* [PROBLEM DESCRIPTION]: What you return must be the exact lines of the material below, from the first through the one that has "Beyond the topline", with no pictures and, please, nothing else.

* [RECORDS SHOWN]:
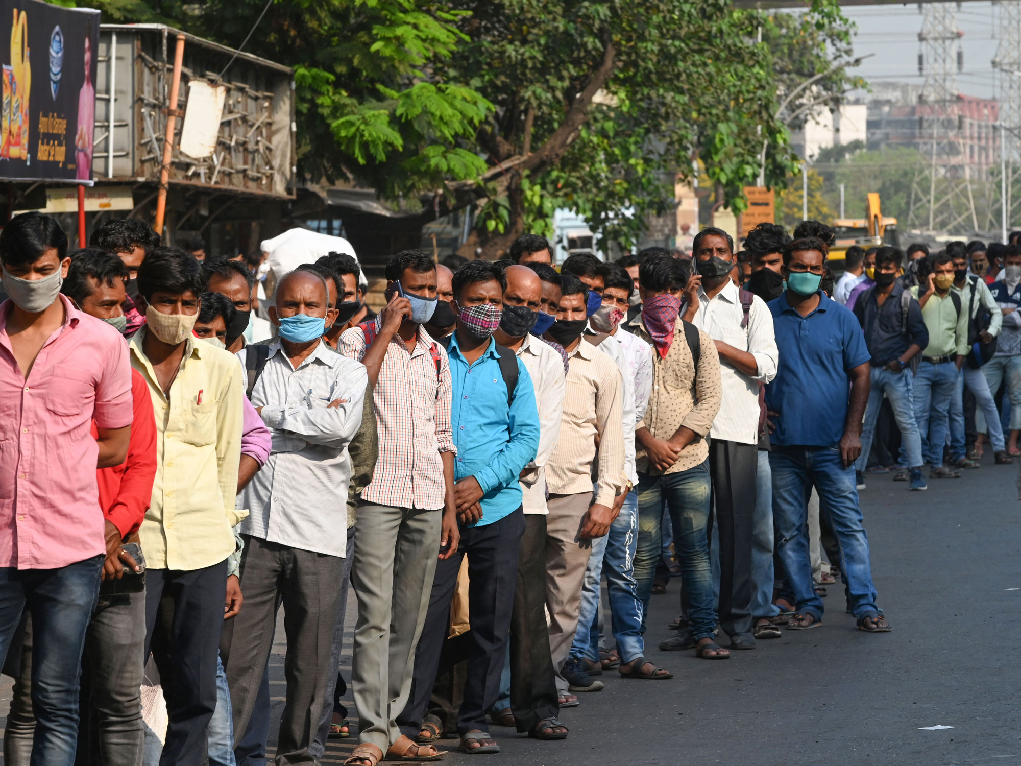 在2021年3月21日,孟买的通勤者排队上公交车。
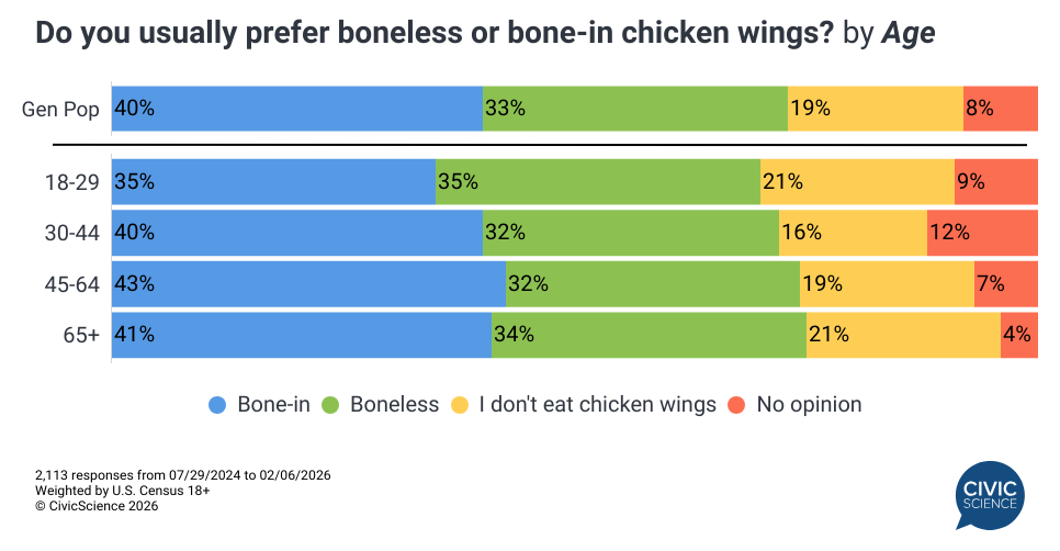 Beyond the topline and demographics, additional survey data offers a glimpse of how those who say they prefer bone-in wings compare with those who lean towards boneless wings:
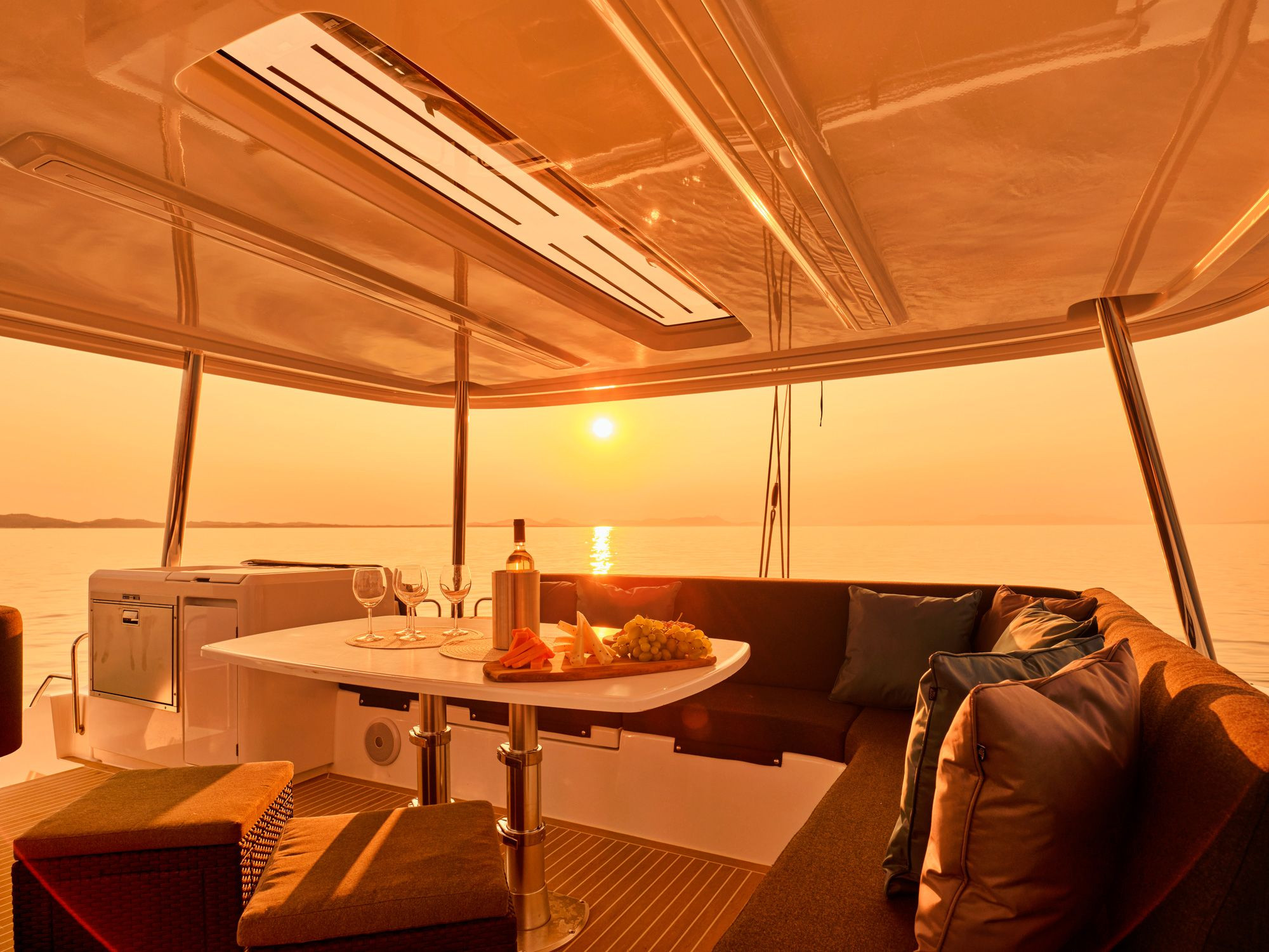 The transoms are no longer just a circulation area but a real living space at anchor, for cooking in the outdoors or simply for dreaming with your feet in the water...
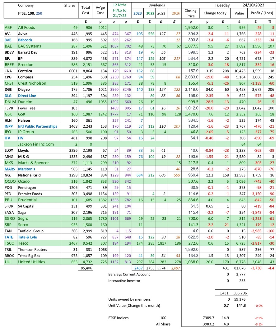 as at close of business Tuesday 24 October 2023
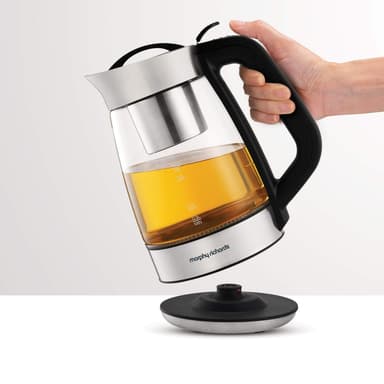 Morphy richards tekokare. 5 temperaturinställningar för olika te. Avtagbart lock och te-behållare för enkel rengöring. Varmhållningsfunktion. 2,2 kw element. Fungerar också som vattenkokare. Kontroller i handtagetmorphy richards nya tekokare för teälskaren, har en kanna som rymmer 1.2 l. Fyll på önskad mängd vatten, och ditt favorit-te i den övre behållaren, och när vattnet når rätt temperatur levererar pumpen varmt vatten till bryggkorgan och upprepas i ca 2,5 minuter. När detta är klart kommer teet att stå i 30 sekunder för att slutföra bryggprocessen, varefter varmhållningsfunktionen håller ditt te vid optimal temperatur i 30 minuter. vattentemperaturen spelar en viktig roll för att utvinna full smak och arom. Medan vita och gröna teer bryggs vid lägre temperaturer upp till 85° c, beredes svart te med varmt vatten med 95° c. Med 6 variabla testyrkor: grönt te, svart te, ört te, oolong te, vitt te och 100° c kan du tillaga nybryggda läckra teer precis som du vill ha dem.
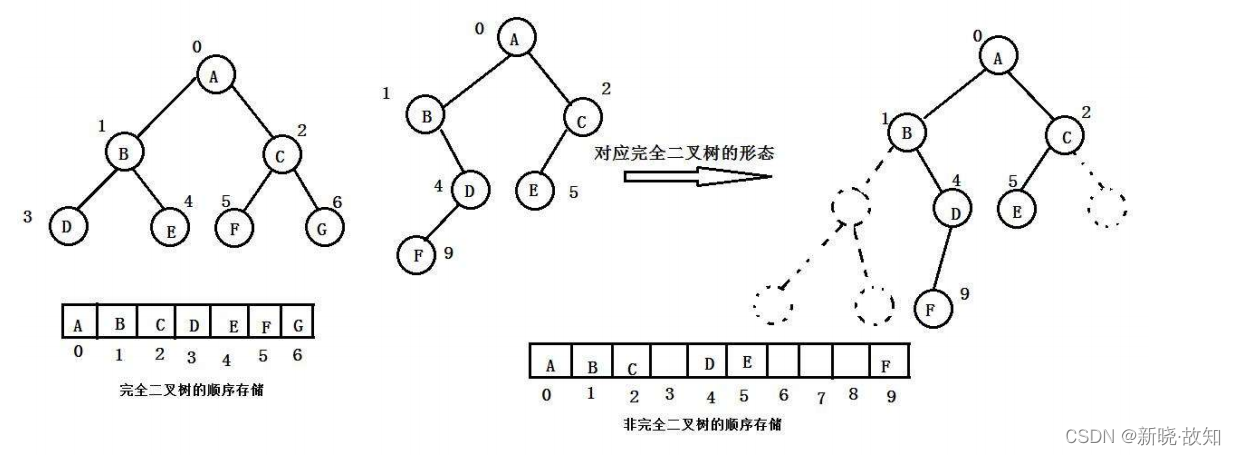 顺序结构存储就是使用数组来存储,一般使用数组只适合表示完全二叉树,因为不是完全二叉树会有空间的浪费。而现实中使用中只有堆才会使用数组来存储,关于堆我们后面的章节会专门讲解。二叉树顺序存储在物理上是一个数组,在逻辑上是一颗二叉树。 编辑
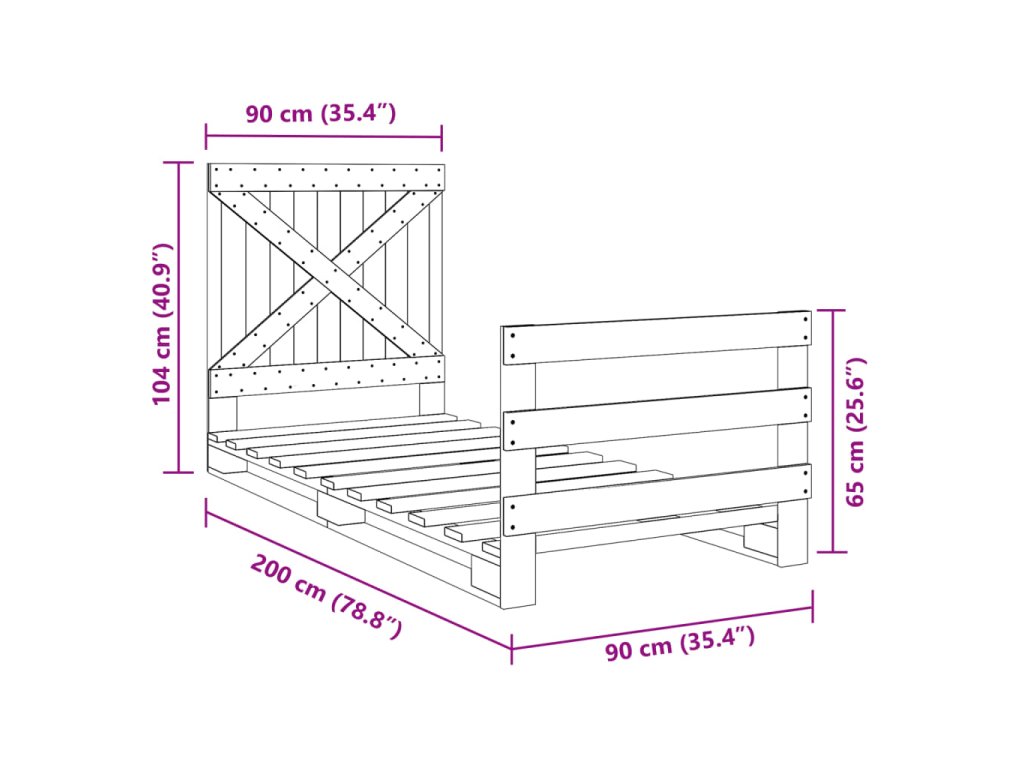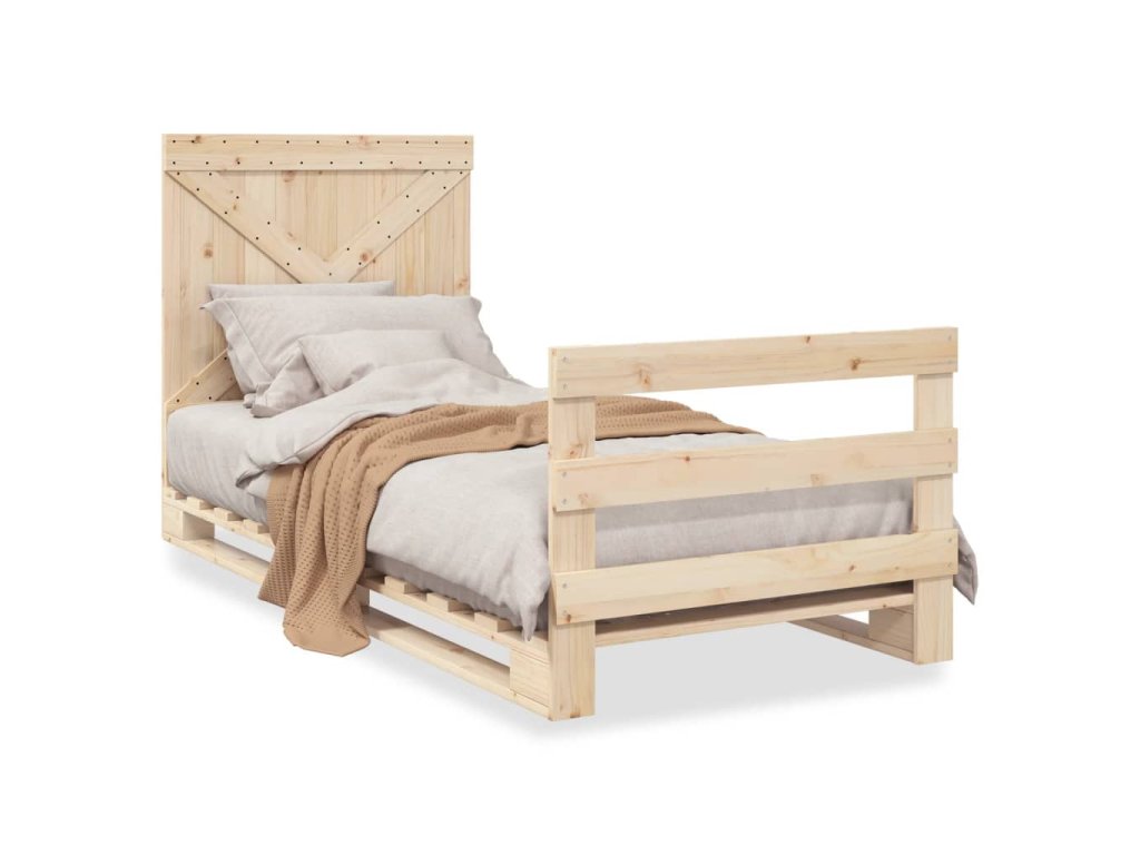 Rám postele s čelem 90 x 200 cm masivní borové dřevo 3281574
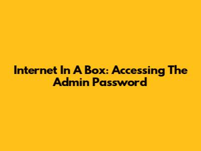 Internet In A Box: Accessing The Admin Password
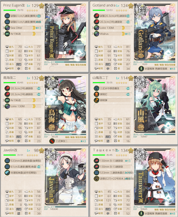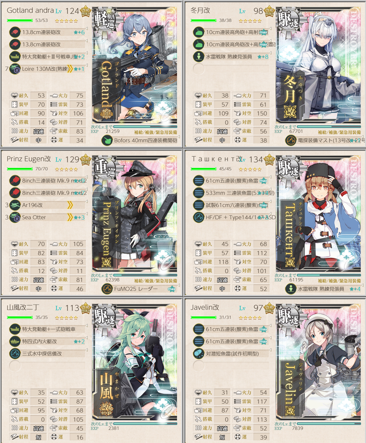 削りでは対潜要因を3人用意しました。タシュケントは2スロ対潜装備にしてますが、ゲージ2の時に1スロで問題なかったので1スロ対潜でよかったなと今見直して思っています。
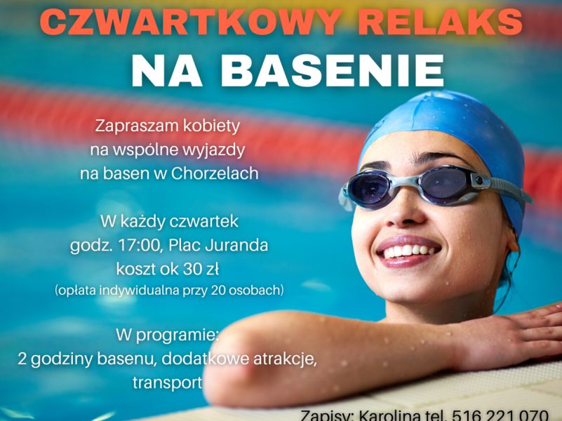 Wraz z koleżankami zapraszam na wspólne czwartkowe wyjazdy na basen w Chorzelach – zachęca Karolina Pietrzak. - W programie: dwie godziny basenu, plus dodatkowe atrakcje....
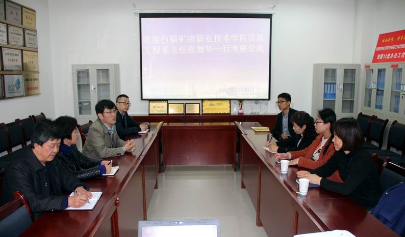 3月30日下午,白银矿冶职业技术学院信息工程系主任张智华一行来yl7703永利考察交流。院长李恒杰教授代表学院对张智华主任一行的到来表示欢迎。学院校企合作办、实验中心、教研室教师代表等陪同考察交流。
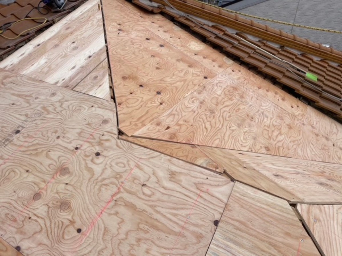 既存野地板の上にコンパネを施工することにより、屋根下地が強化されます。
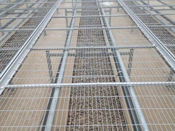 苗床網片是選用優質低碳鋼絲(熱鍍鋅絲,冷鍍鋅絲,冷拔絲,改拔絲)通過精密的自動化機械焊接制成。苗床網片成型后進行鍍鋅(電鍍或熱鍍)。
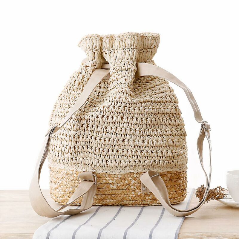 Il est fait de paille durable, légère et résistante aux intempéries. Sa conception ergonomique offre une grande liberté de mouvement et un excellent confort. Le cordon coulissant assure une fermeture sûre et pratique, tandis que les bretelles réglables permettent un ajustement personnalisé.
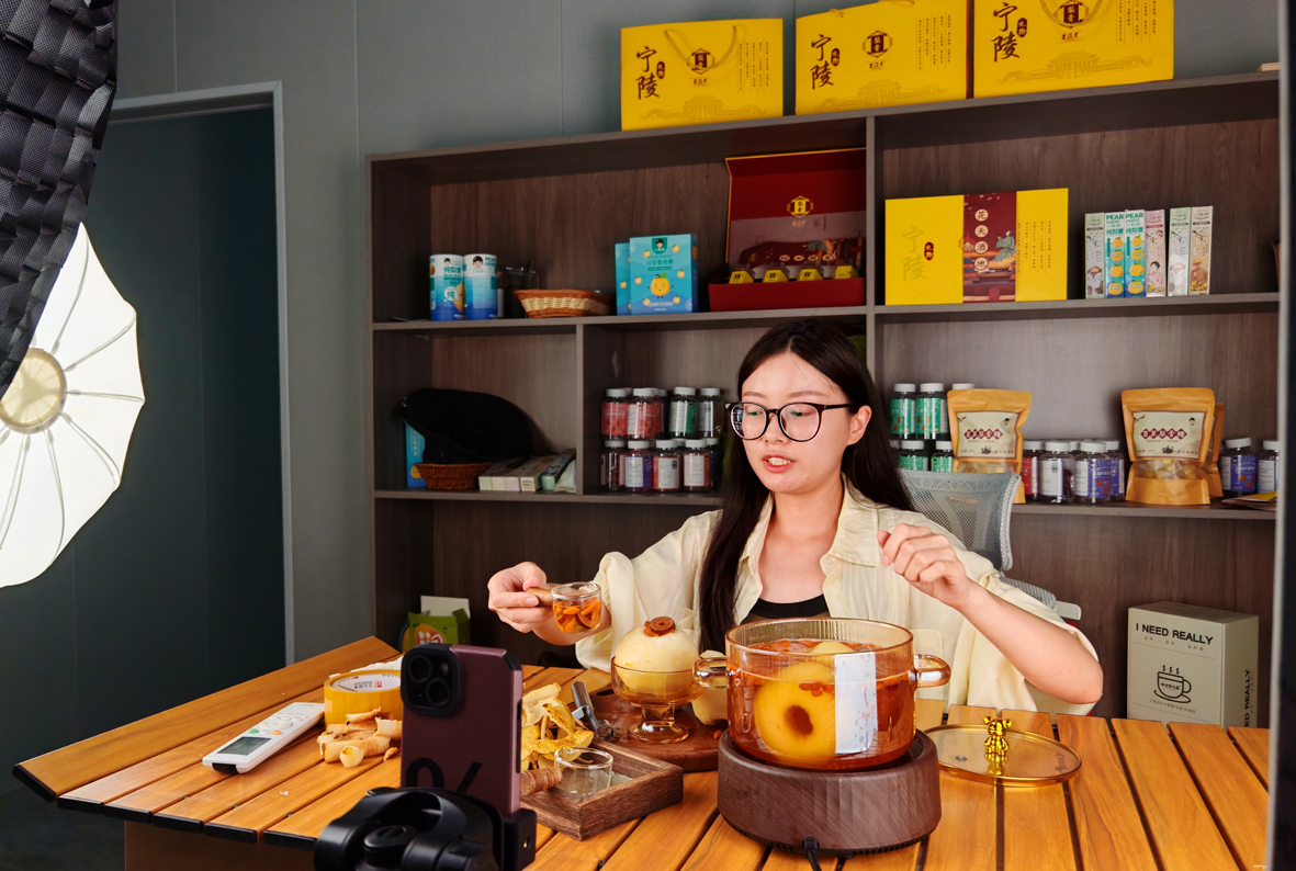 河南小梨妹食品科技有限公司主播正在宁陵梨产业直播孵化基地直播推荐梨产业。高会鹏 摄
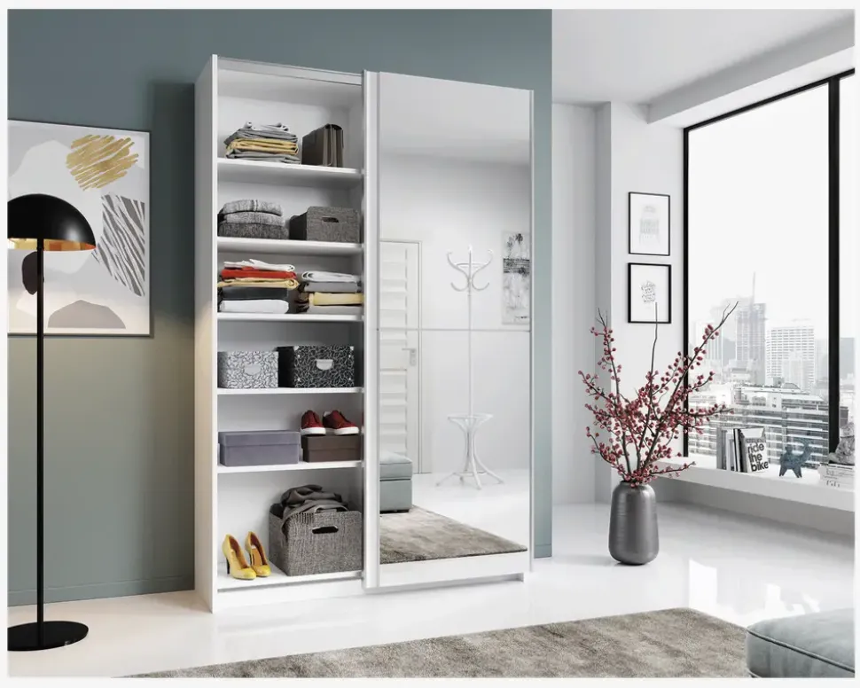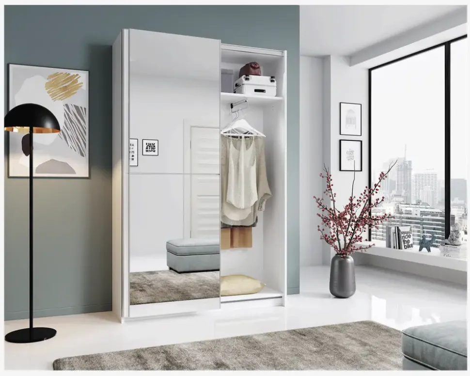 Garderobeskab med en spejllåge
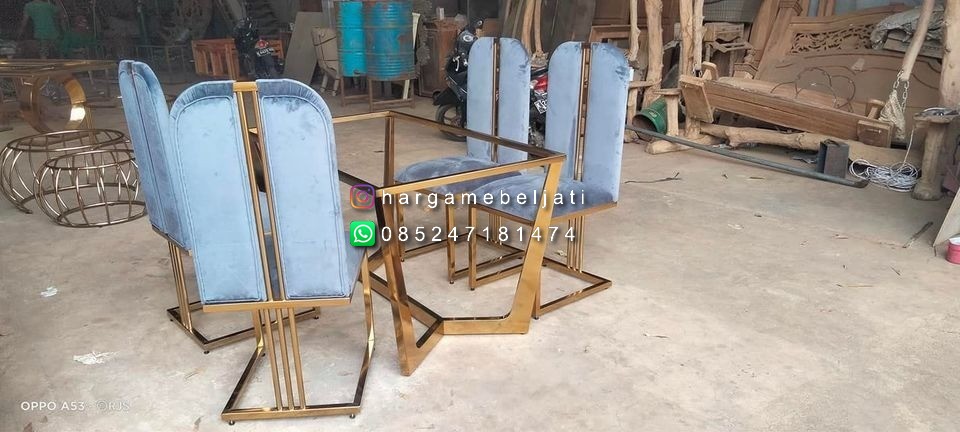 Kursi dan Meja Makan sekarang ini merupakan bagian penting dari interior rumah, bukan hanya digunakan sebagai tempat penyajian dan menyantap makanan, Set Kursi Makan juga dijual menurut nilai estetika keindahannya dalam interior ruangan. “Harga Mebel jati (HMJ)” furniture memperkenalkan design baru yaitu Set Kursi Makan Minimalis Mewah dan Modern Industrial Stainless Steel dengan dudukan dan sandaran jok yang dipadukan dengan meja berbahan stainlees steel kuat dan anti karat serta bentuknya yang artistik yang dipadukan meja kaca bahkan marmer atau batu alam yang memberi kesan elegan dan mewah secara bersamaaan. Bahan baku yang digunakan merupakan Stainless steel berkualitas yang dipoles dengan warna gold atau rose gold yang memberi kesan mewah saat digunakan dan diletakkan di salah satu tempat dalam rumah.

* [EXERCISE RESPONSE]:
 在2021年3月21日,孟买的通勤者排队上公交车。
 Beyond the topline and demographics, additional survey data offers a glimpse of how those who say they prefer bone-in wings compare with those who lean towards boneless wings:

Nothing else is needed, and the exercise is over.